# My New S.geryi



## Moondemon (Dec 9, 2006)

So I sold my beloved Piraya a few months ago and ended up with an empty tank. I bought a house and moved a few streets away from Thecableguy's house. I created a little fish room in my basement (i'll post pictures of it soon..) and gwent on to buy a S.Geryi for my empty tank.
The tank is not yet planted, but here are a few pictures of the fish. 
Enjoy !!


----------



## Lifer374 (Dec 5, 2003)

Awesome geryi but I have to be honest with you.
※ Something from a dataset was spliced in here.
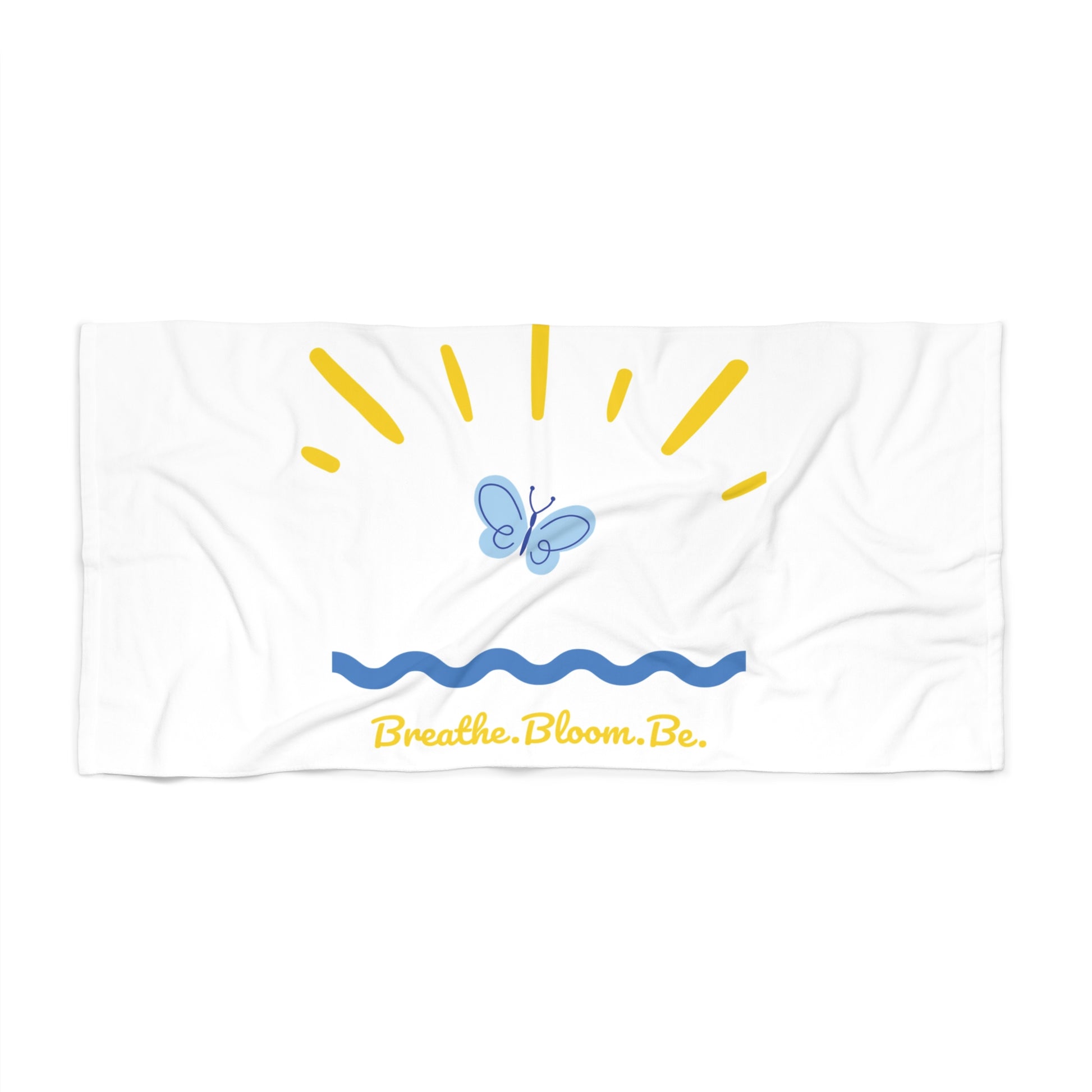 Wrap yourself in sunshine, serenity, and self-love with our Breathe. Bloom. Be. Beach Towel. Featuring a peaceful blue butterfly, radiant sun rays, and gentle waves, this uplifting design brings both calm and coastal charm to your summer adventures. Whether you're soaking up rays, meditating on the sand, or catching waves, this towel reminds you to stay grounded and glow from within.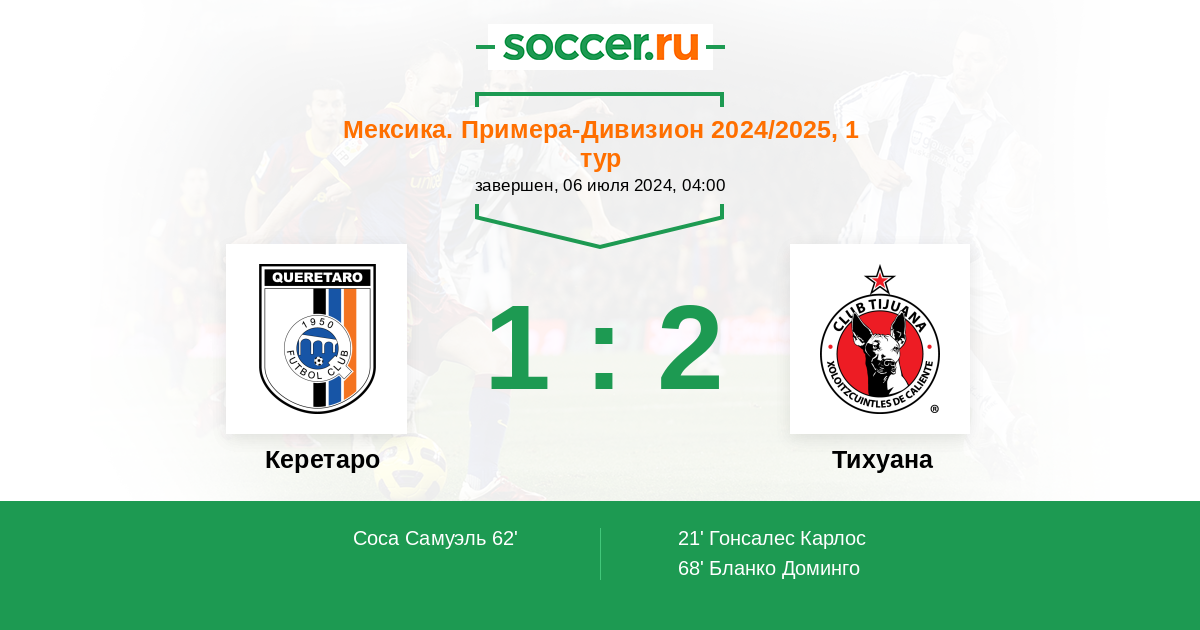 21' (0:1) Гонсалес Карлос (32)

I'm wondering why you sold such an incredible piraya?


----------



## Guest (Jul 6, 2011)

Gorgeous gorgeous gorgeous!! I need 2 more of these guys so I can try and shoal 3 of them in my 125G.


----------



## TheCableGuy (Feb 22, 2005)

Awesome pics and geryi Mat!!







Although it is much nicer in person








Glad I could make the trip with you to pick up the fish!


----------



## primetime3wise (Sep 28, 2003)

ksls said:


> Gorgeous gorgeous gorgeous!! I need 2 more of these guys so I can try and shoal 3 of them in my 125G.


it seems to be the magic # of them for a 125g...any more, 4 or 5, and the weakest get picked on and constantly harassed over territory.

and, very nice geryi there, moondemon


----------



## Mr. Hannibal (Feb 21, 2003)

Great pick up, beautiful specimen...


----------



## Moondemon (Dec 9, 2006)

Thank you guys !!
This fish is really awsome. I can sit in front of his tank for hours...



Lifer374 said:


> Awesome geryi but I have to be honest with you. I'm wondering why you sold such an incredible piraya?


The piraya was amazing, but he'd stay in a corner of the tank all day and wouldn't move a lot... After 3 years I felt i'd be better with only serras...


----------



## Lifer374 (Dec 5, 2003)

Moondemon said:


> Awesome geryi but I have to be honest with you. I'm wondering why you sold such an incredible piraya?


The piraya was amazing, but he'd stay in a corner of the tank all day and wouldn't move a lot... After 3 years I felt i'd be better with only serras...
[/quote]

gottcha. 
Speaking of your other serra's. I think its time for an update on that rhombeus.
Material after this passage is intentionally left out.